The XDA ecosystem is based on Android, which is a mess in and of itself. It’s an enormous, poorly documented ball of Google code, mixed with vendor drivers and private kernel trees, full of crappy workarounds and locked-down hardware. Most smart phones are essentially badly put-together black boxes and most smart phone hackers are working with their legs cut off. Not to mention that the software ecosystem which runs on the platform is full of scammers and ads and theft of private user information. Android may be Linux in implementation, but it’s about as far from the spirit of free software as you can get.

postmarketOS, on the other hand, is based on Alpine Linux, which happens to be my favorite Linux distribution. Instead of haphazard forum threads collecting inscrutable ports for dozens of devices, they have a single git repository where all of their ports are maintained under version control, complete with issue trackers and merge requests, plus a detailed centralized wiki providing a wealth of open technical info on their supported platforms. And, by virtue of being a proper Linux distribution, they essentially opt-out of the mess of predatory mobile apps and instead promote a culture of trusted applications which respect the user and are built by and for the community instead of by and for a corporation.

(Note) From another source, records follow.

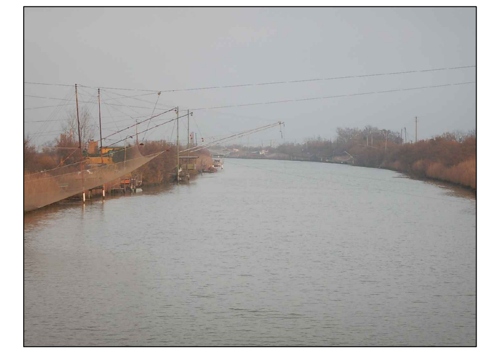
TAV. 8 - Profili del pelo libero dei Fiumi Uniti per gli eventi di piena di tempo di ritorno T=100 e 200 anni, nelle condizioni di esondazioni libere, in assenza ed in presenza di capanni da pesca
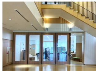
▲階段下の1階にある図書室入口

鹿浜未来小学校の昇降口に足を踏み入ると、そこには1階から2階をつなぐ大階段が佇んでいます。階段中央の天井には採光窓が設置されており、明るく開放的な空間となっています。大階段の中心部分はベンチとして座ることも可能。ここは、イベントスペースとしても使用されているそうです。
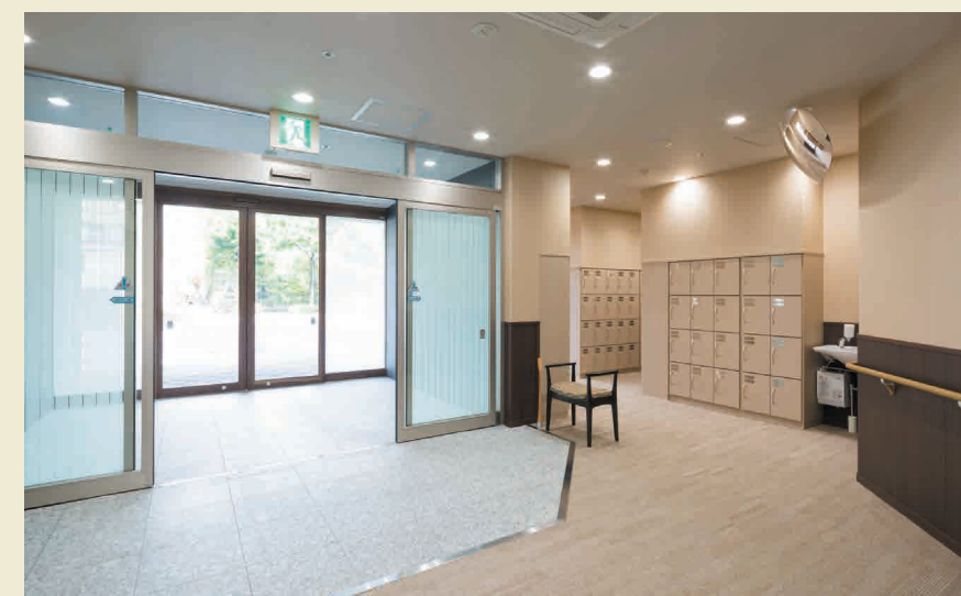
※このパンフレットに掲載している本施設の写真は平成29年6月に撮影したものです。

日々の健康についての相談や何げない会話など、いつでも気軽に立ち寄れる安心のサービスステーションです。

Where we once had to live with illegally closed-source forks of the Linux kernel, we now have a git repository in which upstream Linux releases are tracked with a series of auditable patches for supporting various devices, many of which are making their way into upstream Linux. Where we once had a forum thread with five wrong answers to the same question on page 112, we now have a bug report on GitLab with a documented workaround and a merge request pending review. Instead of begging my vendor to unlock my bootloader and using janky software reminiscent of old keygen hacks to flash a dubious Android image, I can build postmarketOS’s installer, pop it onto a microSD card, and two minutes I’ll have Linux installed on my Pinephone.

pmOS does not seek to elevate the glories of tiny individual hackers clutching their secrets close to their chest, instead elevating the glory of the community as a whole. It pairs perfectly with Pine64, the only hardware vendor working closely with upstream developers with the same vision and ideals. There is a promise for hope in the future of smart phones in their collaboration.

However, the path they’ve chosen is a difficult one. Android, for all of its faults, presents a complete solution for a mobile operating system, and upstream Linux does not. In my review, I said that software would be the biggest challenge of the Pinephone, and 2 years later, that remains the case. Work reverse engineering the Pine64 hardware is slow, there is not enough cooperation between project silos, and there needs to be much better prioritization of the work. To complete their goals, the community will have to work more closely together and narrow their attention in on the key issues which stand between the status quo and the completion of a useful Linux smartphone. It will require difficult, boring engineering work, and will need the full attention and dedication of the talented people working on these projects.

If they succeed in spite of these challenges, the results will be well worth it. postmarketOS and pine64 represent the foundations of a project which could finally deliver Linux on smartphones and build a robust mobile platform that offers freedom to its users for years to come.